= Gundomadus =

Gundomad (Gundomadus; ? – 357 AD) or Gundomar, was an Alemannic petty king in the area around Breisgau, Germany in the 4th century. The Roman historian Ammianus Marcellinus reports that Gundomad, together with his brother Vadomarius, in 354 concluded a peace treaty at Augst after having been defeated in battle by Emperor Constantius II. In 357, Gundomad was killed by his own people for having been too loyal to the Romans. They then made an uprising against Emperor Julian.

==Sources==
- Dieter Geuenich: Gundomad. In: Reallexikon der Germanischen Altertumskunde (RGA). 2. Auflage. Band 13, Walter de Gruyter, Berlin / New York 1999, ISBN 3-11-016315-2, S. 216.

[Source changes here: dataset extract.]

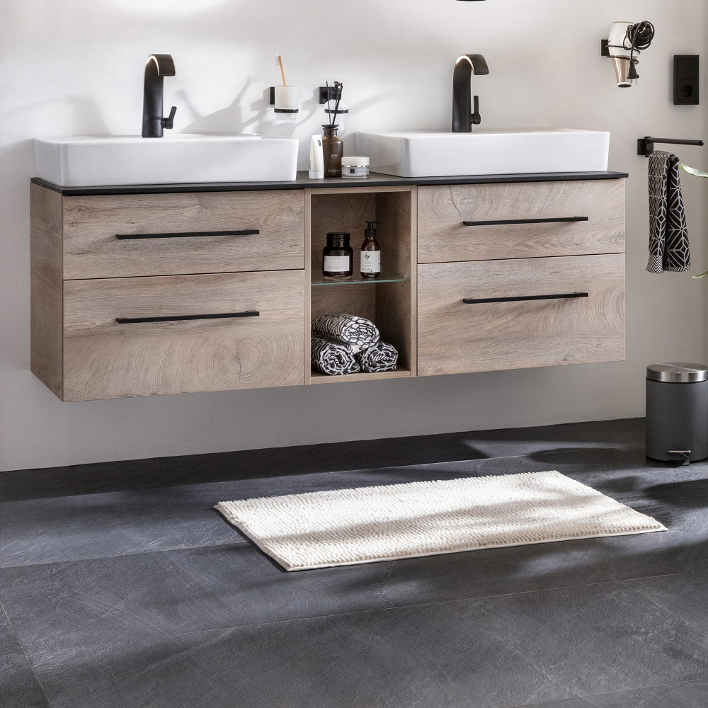 - Zestaw mebli łazienkowych z serii Oxford, w skład którego wchodzą: dwie szafki pod umywalkę z regałem, blat oraz dwie umywalki ceramiczne.

- Dieter Geuenich: Geschichte der Alemannen (= Kohlhammer-Urban-Taschenbücher. 575). 2., überarbeitete Auflage. Kohlhammer Verlag, Stuttgart 2005, ISBN 3-17-018227-7.
- Dieter Geuenich: Die alemannischen Breisgaukönige Gundomadus und Vadomarius. In: Sebastian Brather, Dieter Geuenich, Christoph Huth (Hrsg.): Historia archaeologica. Festschrift für Heiko Steuer zum 70. Geburtstag (= Reallexikon der germanischen Altertumskunde. Ergänzungsbände. Band 70). de Gruyter, Berlin u. a. 2009, ISBN 978-3-11-022337-8, S. 205–216.